Stuart McGuigan: I spent the first few months of my tenure at J&J analyzing the talent we had and any gaps we needed to fill across the major IT disciplines. I decided to enhance the strong team I inherited by bringing in a few new leaders from the outside, with a proven track record of transformation—our chief technology officer had been a stand-alone CIO before, and our head of application development was a process- and service-oriented senior executive. The bulk of the IT transformation has been executed by colleagues who have been here a while, who want to continue to be part of the mission to help millions of people live longer, happier, healthier lives. We believe that mission, combined with incredible management support for innovation and technology, will inevitably attract top technology talent.
Another aspect of our talent strategy is opening up to our ecosystem of technology partners and providers. We’ll share with a pool of prequalified partners a problem that we can’t solve—using a crowdsourcing model and dedicated online tools—and we often get the best and brightest answers in response. This approach has really accelerated our innovation, and it has opened us up to a world of talent, including millennials. It has helped us establish the reputation among technology companies that we are an innovative company and that J&J IT is a cool place to work.
McKinsey: How are patients and providers interacting differently with J&J as a result of the transformation?
Stuart McGuigan: It’s interesting because what we hear more and more is that many leaders of hospital systems and large insurance companies are interested in working with us not just because we make knees, hips, sutures, and drugs. They are also interested in working with us because of our consumer-marketing expertise. They see that more and more of their success depends on how they connect with patients and help them through a journey of care.
So we’re using our clinical knowledge—about things like orthopedic procedures, bariatrics, and mental health—along with our consumer-marketing expertise to create digital tools that help guide people on their healthcare journeys, and not just as patients but as people. If someone is beginning to experience knee pain, for instance, we can give them an online tool that will guide them in doing the things that could reduce their pain or improve their mobility. If the patient ultimately needs knee-replacement surgery, this tool will supplement providers’ guidance on pre-surgical preparations and post-surgical recovery. The tool will allow them to connect with peers who’ve already had the same surgery, both intellectually and emotionally.

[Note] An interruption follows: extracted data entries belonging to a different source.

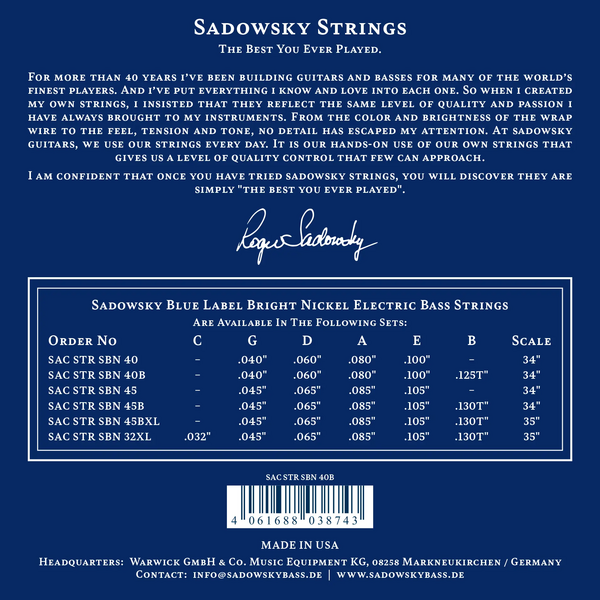Sadowsky Blue Label (.040" - .125T") 5-string set that features a premium Bright Nickel winding and hex core. These strings offer impressive midrange presence while producing smooth highs and a comfortable feel with lower tension. The powerful, aggressive sound of these strings makes them the ideal choice for funk and slap bass.
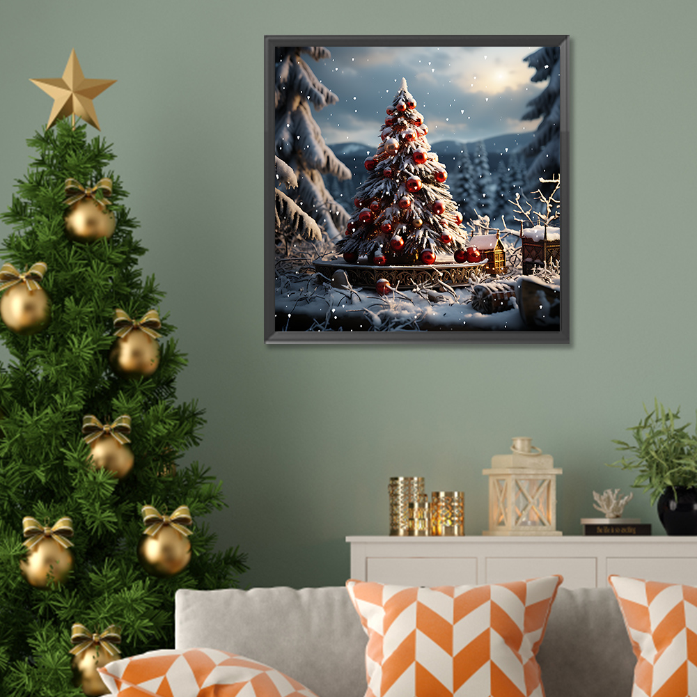 Diamond Painting - Full Round Drill - Winter Snow Christmas Tree(Canvas|30*30cm)
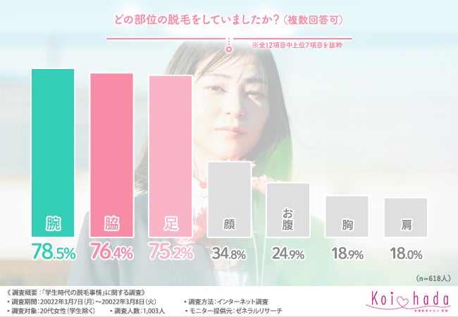 「どの部位の脱毛をしていましたか?(複数回答可)」と質問したところ、『腕(78.5%)』と回答した方が最も多く、次いで『脇(76.4%)』『足(75.2%)』と続きました。
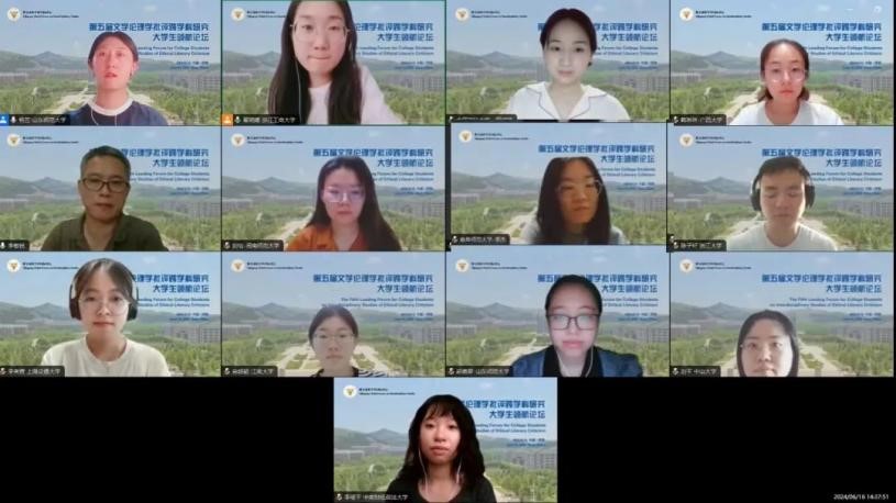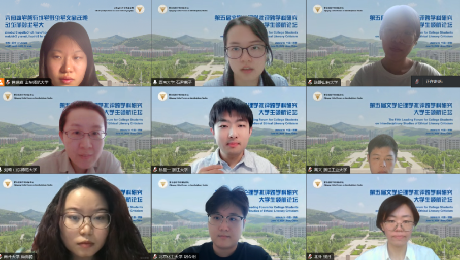 2024年6月16日,由浙江大学世界文学跨学科研究中心联合英国正版365首页、浙江大学英国正版365首页英文系、英国华威大学、韩国建国大学、日本九州大学、马来西亚马来亚大学、越南顺化师范大学、菲律宾圣托马斯大学共同主办的“紫金港跨学科国际讲坛”系列学术活动“第五届文学伦理学批评跨学科研究大学生领航论坛”在365(vip)英国上市长清湖校区成功举办。我院35名本科生和研究生同学应邀参加第五届文学伦理学批评跨学科研究大学生领航论坛。我院英语语言文学专业研究生徐智艺同学作为学生代表作主题报告,英语语言文学专业研究生王千慧等19名同学主持了小组发言。

This model is scalable. We can use data lakes, analytics, machine learning, and other emerging technologies to understand what type of patient in what type of condition responds best to which messages and care protocols. We can compare treatment plans and outcomes, and we can measure treatment efficacy. More and more providers, hospital systems, and governments are looking closely at outcomes as part of their reimbursement formulas—which is why there is more pressure for them to understand the patient journey at a more detailed level. We think we’re in a better position to help them because we’ve made these investments in technology.

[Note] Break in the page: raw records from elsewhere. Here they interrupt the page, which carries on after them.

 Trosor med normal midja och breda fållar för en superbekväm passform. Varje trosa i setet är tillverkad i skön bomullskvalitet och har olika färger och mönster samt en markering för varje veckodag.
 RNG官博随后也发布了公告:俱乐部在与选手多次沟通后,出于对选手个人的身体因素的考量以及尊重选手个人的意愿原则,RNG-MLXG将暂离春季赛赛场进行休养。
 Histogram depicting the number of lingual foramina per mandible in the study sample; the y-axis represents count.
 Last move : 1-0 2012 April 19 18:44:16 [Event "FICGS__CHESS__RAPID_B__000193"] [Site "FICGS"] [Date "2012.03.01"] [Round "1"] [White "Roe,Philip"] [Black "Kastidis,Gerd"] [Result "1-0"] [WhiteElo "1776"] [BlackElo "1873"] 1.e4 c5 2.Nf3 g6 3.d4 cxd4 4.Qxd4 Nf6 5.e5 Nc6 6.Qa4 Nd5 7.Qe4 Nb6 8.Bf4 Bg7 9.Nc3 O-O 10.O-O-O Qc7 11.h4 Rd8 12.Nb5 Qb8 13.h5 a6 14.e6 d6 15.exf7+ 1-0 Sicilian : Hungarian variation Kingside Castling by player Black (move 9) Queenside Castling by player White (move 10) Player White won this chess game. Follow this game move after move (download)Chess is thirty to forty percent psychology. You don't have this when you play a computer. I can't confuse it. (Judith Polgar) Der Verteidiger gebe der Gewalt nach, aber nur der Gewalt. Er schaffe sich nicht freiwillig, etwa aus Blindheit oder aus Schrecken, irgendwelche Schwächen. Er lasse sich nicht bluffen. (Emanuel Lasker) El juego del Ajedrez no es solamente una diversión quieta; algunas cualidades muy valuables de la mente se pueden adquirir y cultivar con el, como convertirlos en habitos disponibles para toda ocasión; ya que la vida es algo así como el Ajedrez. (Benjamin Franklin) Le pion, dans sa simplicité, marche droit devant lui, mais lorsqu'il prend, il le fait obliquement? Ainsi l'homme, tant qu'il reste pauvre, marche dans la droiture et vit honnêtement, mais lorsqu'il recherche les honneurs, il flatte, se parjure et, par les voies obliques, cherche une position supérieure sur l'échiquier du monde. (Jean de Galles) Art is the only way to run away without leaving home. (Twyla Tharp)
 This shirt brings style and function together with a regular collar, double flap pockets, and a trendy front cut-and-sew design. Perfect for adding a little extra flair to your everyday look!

McKinsey: What advice do you have for others who are embarking on a digital IT transformation?
Stuart McGuigan: I’d say don’t hedge your bets at the beginning. Set out a clear, bold goal, and see how far you can push it. For example, instead of trying to determine how many applications we could reasonably move to the hybrid cloud, we started with a different question: “What would we have to do if we moved every application to the hybrid cloud?” We walked backward from there. We disqualified some applications, but unless we proved we couldn’t do it, we assumed we could.
It was the same thing with agile: our assumption is that every project that can be agile will be agile this year, and we only walk back from that when it clearly doesn’t make sense. In one of our businesses, we flipped that idea on its head. Instead of saying we’ll do agile in those cases where we can identify a product owner, we said we won’t do a project unless it has a product owner. Being bold out of the gate can help create more focus, better prioritization, and faster delivery.